ECLI:NL:CRVB:2014:1699
Centrale Raad van Beroep
- Hoger beroep
- J.F. Bandringa
- J.P.M. Zeijen
- M. Hillen
- Rechtspraak.nl
Intrekking en terugvordering van bijstand wegens gezamenlijke huishouding
In deze zaak gaat het om de intrekking en terugvordering van bijstand op grond van de Wet werk en bijstand (WWB) vanwege het vermoeden dat appellanten een gezamenlijke huishouding voeren. Appellante ontving vanaf 21 februari 2007 bijstand, laatstelijk naar de norm voor een alleenstaande ouder. Naar aanleiding van signalen heeft de sociale recherche van de gemeente Maastricht een onderzoek ingesteld. Dit onderzoek omvatte dossieronderzoek, waarnemingen en een huisbezoek op 3 maart 2011. De bevindingen leidden tot de conclusie dat appellanten sinds 19 mei 2007 een gezamenlijke huishouding voerden, wat niet was gemeld aan het college. Hierdoor heeft het college de bijstand over een periode van bijna vier jaar ingetrokken en de gemaakte kosten teruggevorderd.

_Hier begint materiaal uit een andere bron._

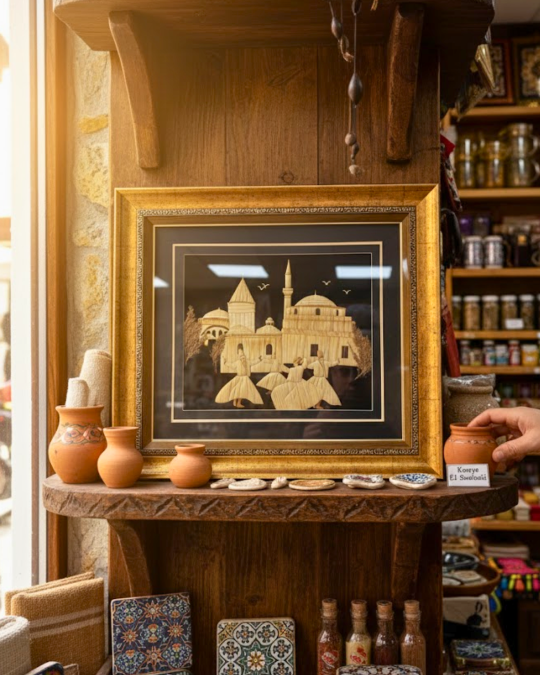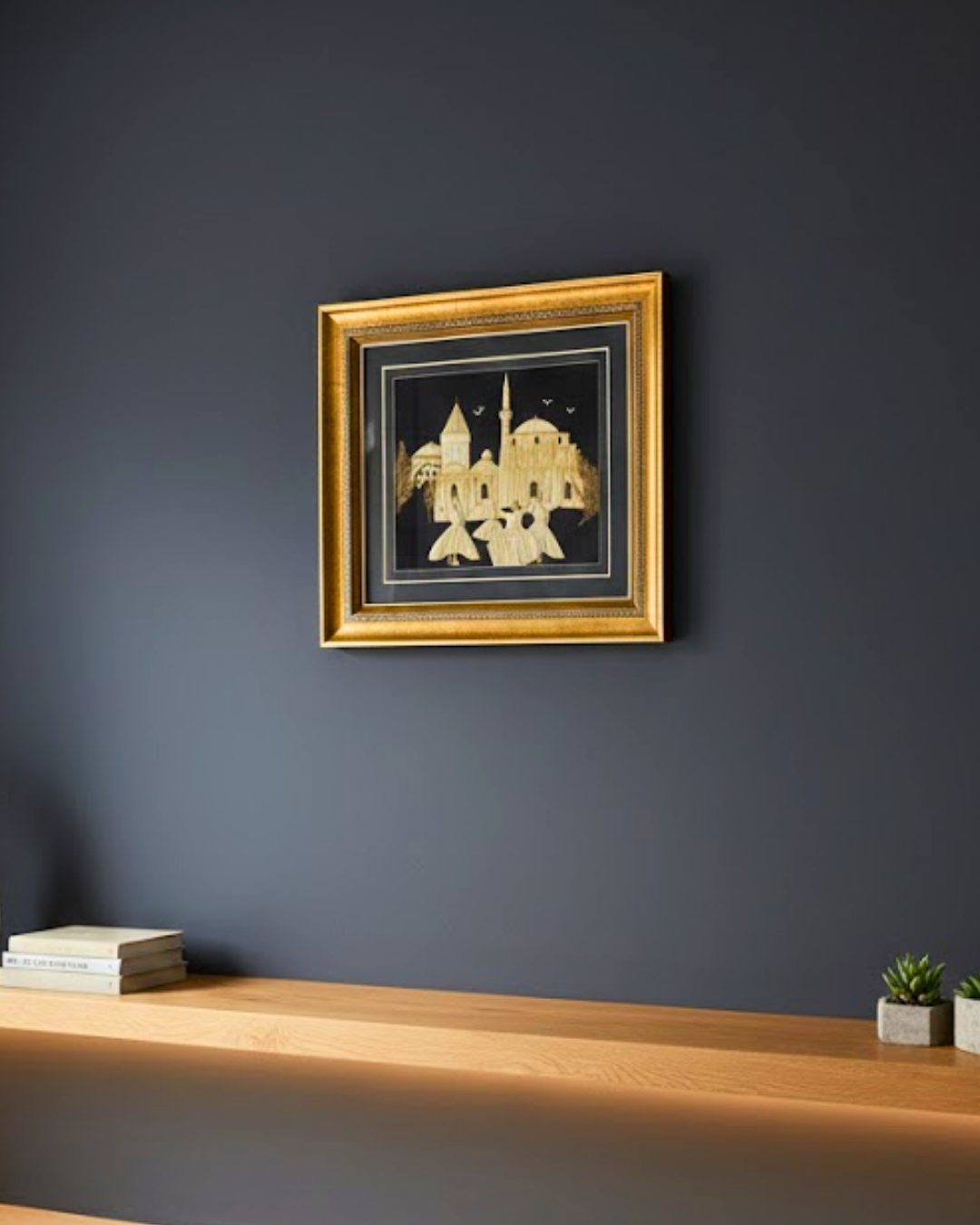 Semazen figürleri, Mevlânâ silueti ve mimari detaylar; sabır ve emekle işlenmiş olup bulunduğu ortama manevi bir atmosfer ve estetik bir şıklık katar. Salon, ofis, çalışma odası, butik, kafe ya da hediyelik olarak tercih edilebilir.

De rechtbank Maastricht verklaarde het beroep tegen het besluit van het college ongegrond. In hoger beroep hebben appellanten hun bezwaren tegen deze uitspraak herhaald. De Centrale Raad van Beroep heeft de zaak beoordeeld en geconcludeerd dat het college terecht heeft gehandeld. De Raad oordeelde dat er voldoende grond was voor het huisbezoek en dat de informatie verkregen tijdens dit huisbezoek gebruikt mocht worden in de beoordeling van de rechtmatigheid van de bijstandsverlening. De Raad bevestigde dat de appellanten niet aannemelijk hebben gemaakt dat het huisbezoek onrechtmatig was of dat de medewerkers van de gemeente zich misdroegen.
De uitspraak van de rechtbank werd bevestigd, en er werd geen aanleiding gezien voor een veroordeling in de proceskosten. De beslissing werd openbaar uitgesproken op 20 mei 2014, en partijen hebben de mogelijkheid om binnen zes weken beroep in cassatie in te stellen bij de Hoge Raad.